Step 1 – Setting up rsyslog
We need to setup rsyslog first. Not only do we need the core functionality, but several additional modules. For this case we want to receive the syslog messages via TCP, thus we need imtcp. For processing we need first mmjsonparse and ommongodb. Your configure should look like this.
./configure --prefix=/usr --enable-imtcp --enable-mmjsonparse --enable-ommongodb
The module mmjsonparse will be needed to verify and parse the @cee messages. Ommongodb will be used to write into the MongoDB. After the configure and installation, we can create our config. The config for our case looks like this:
module(load="imtcp") module(load="mmjsonparse") module(load="ommongodb")
input(type="imtcp" port="13514" Ruleset="mongodb")
template(name="mongodball" type="subtree" subtree="$!")

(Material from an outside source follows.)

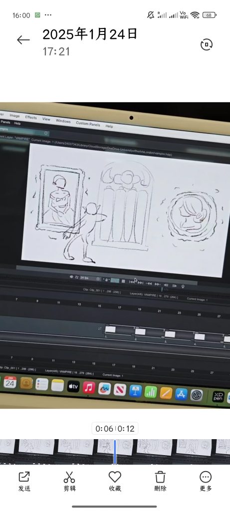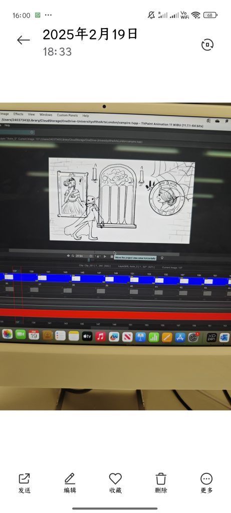 Since only one character could be animated, I focused on how the oil painting woman reacts to the vampire. When the vampire turns its gaze toward the painting, the woman’s face shifts from calm to terror, mimicking a frozen scream. This contrast highlights the vampire’s presence without excessive motion.To add variety, I planned subtle animation for the vampire’s transformation. The character circles the room before morphing into a bat, with his silhouette distorting before vanishing. The finale sees the vampire caught in the sunlight, dissipating into nothingness—a poetic nod to traditional vampire lore.

ruleset(name="mongodb") { action(type="mmjsonparse") if $parsesuccess == "OK" then { set $!time = $timestamp; set $!sys = $hostname; set $!procid = $syslogtag; set $!syslog_fac = $syslogfacility; set $!syslog_sever = $syslogpriority; set $!pid = $procid; action(type="ommongodb" server="127.0.0.1" db="logs" collection="syslog" template="mongodball") } }
As always, we first load the modules. The next part is the input. We need to receive tcp via imtcp. Please note, that we directly bind the input to a ruleset. The third part of the configuration is a template. We need it later when writing to MongoDB. Since we will automatically transform our @cee-message into json, we can use a subtree template. The template itself is basically the root of the subtree.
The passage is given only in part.